GIVEN MATERIAL —
- - - -
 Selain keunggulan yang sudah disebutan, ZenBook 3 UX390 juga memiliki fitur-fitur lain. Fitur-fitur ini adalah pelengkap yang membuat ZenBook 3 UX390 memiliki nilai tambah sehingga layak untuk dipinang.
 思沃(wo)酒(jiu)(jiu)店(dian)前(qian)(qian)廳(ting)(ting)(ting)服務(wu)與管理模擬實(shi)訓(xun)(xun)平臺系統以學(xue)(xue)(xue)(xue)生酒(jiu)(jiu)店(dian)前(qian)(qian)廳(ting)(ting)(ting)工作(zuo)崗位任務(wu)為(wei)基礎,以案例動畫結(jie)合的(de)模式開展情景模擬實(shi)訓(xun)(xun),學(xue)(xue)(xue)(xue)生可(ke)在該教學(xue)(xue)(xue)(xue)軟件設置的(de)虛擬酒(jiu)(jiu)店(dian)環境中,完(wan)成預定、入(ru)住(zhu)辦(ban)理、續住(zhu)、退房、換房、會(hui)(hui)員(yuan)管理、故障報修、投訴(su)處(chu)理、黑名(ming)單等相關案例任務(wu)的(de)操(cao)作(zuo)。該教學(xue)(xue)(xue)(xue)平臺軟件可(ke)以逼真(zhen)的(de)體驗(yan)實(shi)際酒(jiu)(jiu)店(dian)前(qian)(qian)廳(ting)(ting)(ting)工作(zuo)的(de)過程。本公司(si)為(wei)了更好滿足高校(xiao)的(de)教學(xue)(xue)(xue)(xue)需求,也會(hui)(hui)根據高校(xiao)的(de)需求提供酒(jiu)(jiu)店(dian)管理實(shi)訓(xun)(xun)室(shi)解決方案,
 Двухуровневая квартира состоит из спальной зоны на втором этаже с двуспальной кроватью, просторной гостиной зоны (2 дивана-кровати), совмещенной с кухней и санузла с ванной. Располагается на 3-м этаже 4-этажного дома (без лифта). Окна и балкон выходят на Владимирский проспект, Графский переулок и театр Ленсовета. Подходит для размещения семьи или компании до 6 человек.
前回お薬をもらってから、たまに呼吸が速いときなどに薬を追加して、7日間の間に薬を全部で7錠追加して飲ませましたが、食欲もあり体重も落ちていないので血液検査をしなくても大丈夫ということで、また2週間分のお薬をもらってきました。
- - - -
PROBLEM DESCRIPTION — Nothing before the line containing "Двухуровневая квартира состоит" should be repeated; repeat that line and all later lines through the end of the data above, exactly.

COMPLETED EXERCISE —
 Двухуровневая квартира состоит из спальной зоны на втором этаже с двуспальной кроватью, просторной гостиной зоны (2 дивана-кровати), совмещенной с кухней и санузла с ванной. Располагается на 3-м этаже 4-этажного дома (без лифта). Окна и балкон выходят на Владимирский проспект, Графский переулок и театр Ленсовета. Подходит для размещения семьи или компании до 6 человек.
前回お薬をもらってから、たまに呼吸が速いときなどに薬を追加して、7日間の間に薬を全部で7錠追加して飲ませましたが、食欲もあり体重も落ちていないので血液検査をしなくても大丈夫ということで、また2週間分のお薬をもらってきました。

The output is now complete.